The Potawatomi belong to the Algonquin linguistic family and according to tradition they were closely associated with the Chippewa and Ottawa with whom they reached the region about the upper end of Lake Huron. They were reported by the Jesuits as still living together as late as 1841.
In 1670 a portion of them were living on the islands at the mouth of Green Bay in the vicinity of the Jesuit mission of St. Francis Xavier. They were moving southward and by the close of the 17th century had established themselves on the Milwaukee River at Chicago and on the St. Joseph River mostly in territory previously held by the Miami.
By the beginning of the 19th century they occupied country around the head of Lake Michigan from the Milwaukee River in Wisconsin to the Grand River in Michigan and extending southwest over a large part of northern Illinois, east across Michigan to Lake Eric and south into Indiana. Within this territory they had about 50 villages.

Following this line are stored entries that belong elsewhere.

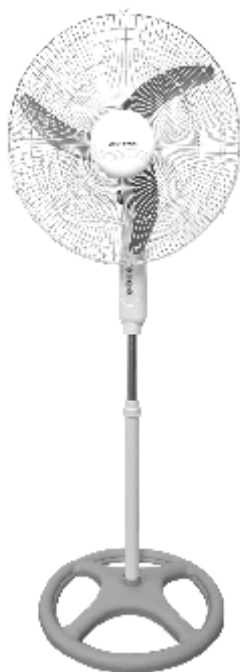
IMAGEN A MODO ILUSTRATIVO
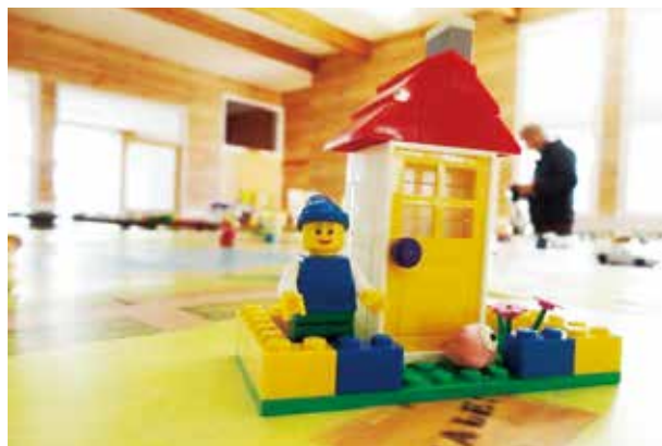
ブロックで「まちなみ」をつくってみよう

「おりがみでたてものをつくってみよう」では、折り紙の建物の絵に自由に着色してから、定規とカッターを使い切り抜き、折り目をつけて立体的な建物をつくってもらいました。
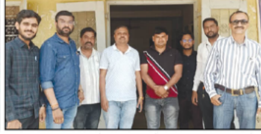
नोंदणी व मुद्रांक शुल्क विभागाच्या सहदुय्यम निबंधक अहिल्यानगर-३ या कार्यालयातील अनागोंदी कारभाराविरोधात वकिलांनी २७ जून रोजी अंतोळन केले.

नाही. यामुळे दस्त नोंदणी करणाऱ्या सर्व नागरिकांचे फोटो काळे (ब्लॅक अँड व्हाईट) येत आहेत. एवढेच नव्हे तर, शासकीय कार्यालयात प्रिंट काढण्यासाठी लागणारा लीगल कागदही संबंधित नागरिकांना बाहेरून विकत आणायला लावला जातो. कार्यालयात पिण्याच्या पाण्याचीही कोणतीही सोय नाही. नागरिकांना सुविधा देण्याची प्राथमिक जबाबदारी अधिकाऱ्यांची असताना येथे उलटाच कारभार सुरु असल्याचा संताप वकिलांनी व्यक्त केला.
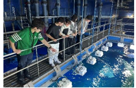
バックヤードツアー（イメージ）
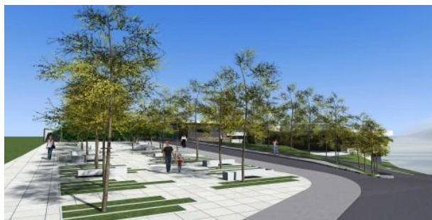
Slika 5. Prikaz šetnice
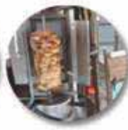
ハンビー プライマーマーケット
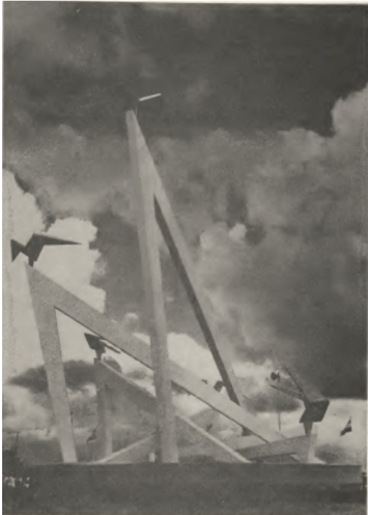
Het Autonomie Monument...
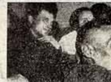
Кадр из кинофильма «Лесные люди», Совинфо, 1928 г. В. К. Арсеньев и Суиндей Геонка на прессурое кадраны во Владивостоке.
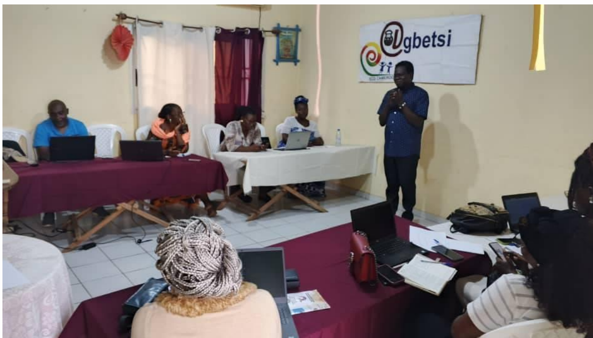
Séance de travail dans le cadre du projet : Formation sur la visibilité digitale

❖ L'insuffisance d'engagement associatif de certains membres : Les associations locales au Cameroun travaillent dans des conditions difficiles. Un bon nombre d'associations produit des résultats et de l'impact quantitatifs et qualitatifs. Les conditions difficiles de travail amènent certains membres à se décourager. Le découragement ne favorise pas l'engagement associatif. Il y a d'autres membres qui adhèrent à des associations pour espérer avoir des postes de commandement et de l'argent. Mais lorsqu'ils réalisent qu'un membre s'engage pour travailler, ils deviennent peu engagés.
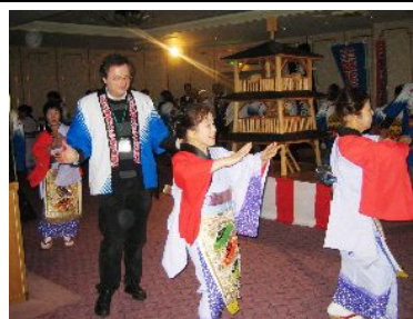
三笠盆踊りで地域の方と交流する海外プレス(第4回)
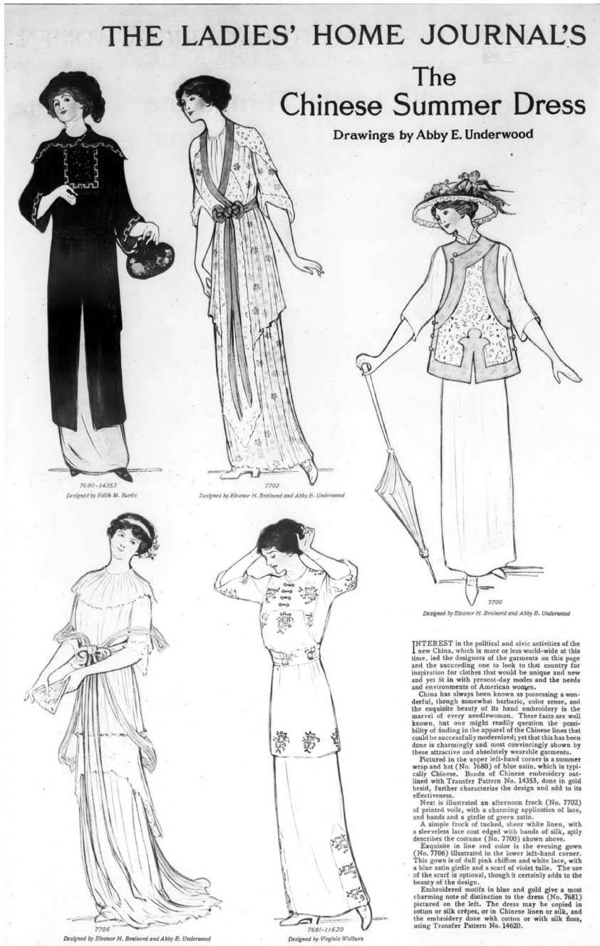
Fig. 3 - Figurini con abiti di ispirazione cinese, «Ladies' Home Journal», 1913.
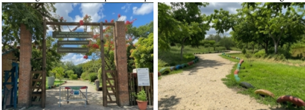
Figuras 01 e 02: Parque Municipal Ambientalista Severino Montenegro
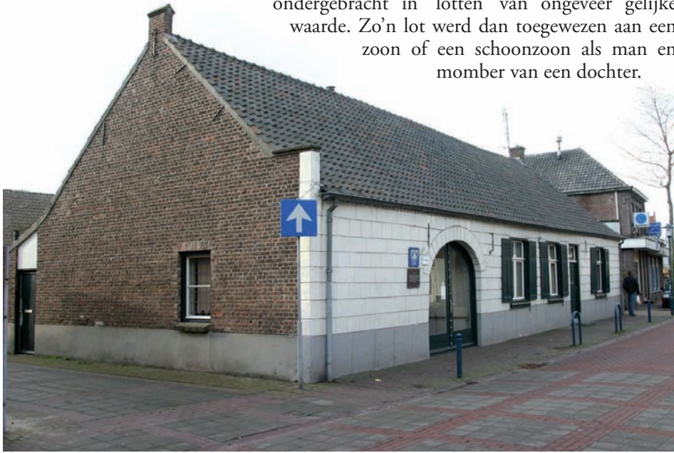
'Pand Veltmans' uit 1757 in de Meijelse Dorpsstraat.

ondergebracht in 'lotten' van ongeveer gelijke waarde. Zo'n lot werd dan toegewezen aan een zoon of een schoonzoon als man en moeder van een dochter.
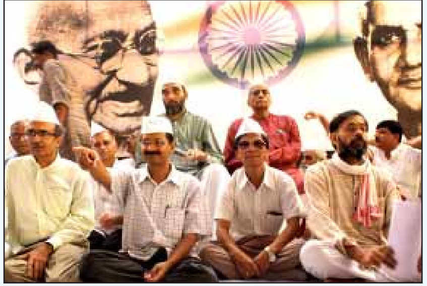
கேஜ்ரிவால் குழுவினர் போட்டுக்கொண்டுள்ளது காந்தி-நேரு குல்லாய் மட்டுமல்ல, கொள்கையுந்தான்!

இதற்கிடையே ஊழலுக்கு எதிராக மக்களிடம், குறிப்பாக நடுத்தர வர்க்கத்தினரிடையே நிலவிய பொதுக்கருத்தை - மனநிலையைப் பயன்படுத்திக் கொள்ள அன்னாஹுசாரே, கேஜ்ரிவால், கிரண்டேஷி, கார்ப்பரேட் சாமியார் ராம் தேவ் மூலமாக பா.ஜ.க. ஆகியோர் களத்தில் குதித்தனர். குறிப்பான ஊழல், அதிகார முறைகேடு விவகாரங்களை எல்லாம் புறங்கையால் ஒதுக்கித் தள்ளி விட்டு, பொத்தாம் பொதுவான ஊழல் எதிர்ப்பு மற்றும் “ஜன லோக்பால்” கோரிக்கையை முன்வைத்து, அறவழி அடையாளப் போராட்டங்களை நடத்தினர். அரசியல் சாணக்கியம் - சகுனித்தனத்தில் பழம் தின்று கொட்டை போட்ட காங்கிரசு கும்பல் இவர்களை எளிதில் முடக்கியது. பிறகு இலஞ்ச ஊழல், அதிகார முறைகேடுகளோடு பின்னிப் பிணைந்த தனியார்மயம் - தாராளமயம் - உலகமயமாக்கம் என்ற புதிய பொருளாதாரக் கொள்கையின் இரண்டாம் கட்ட சீர்திருத்தத்தை முன் தள்ளும் குறிக்கோளை எளிதில் சாதித்து விட்டது.
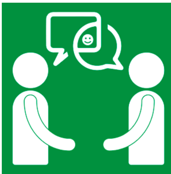
Samen bespreken waar je meer over wilt horen

Eventueel zou je deze vragen ook digitaal aan een aantal gemeenteleden kunnen voorleggen.

As white settlement rapidly pressed upon them, the Potawatomi sold their land piecemeal and removed west beyond the Mississippi. A part of the Potawatomi tribe remained in Indiana until forced out by the military. Some escaped into Canada and are now settled on Walpole Island in Lake St. Clair.
Those Potawatomi who went west were settled partly in West Iowa and partly in Kansas. In 1846 they were all united on a reservation in Kansas.
In 1861 a large part of the Potawatomi Tribe took land in severalty and became known as the Citizen Potawatomi. The others known as the Prairie Band remained in Kansas except for a few in Wisconsin and the small Huron band in Michigan.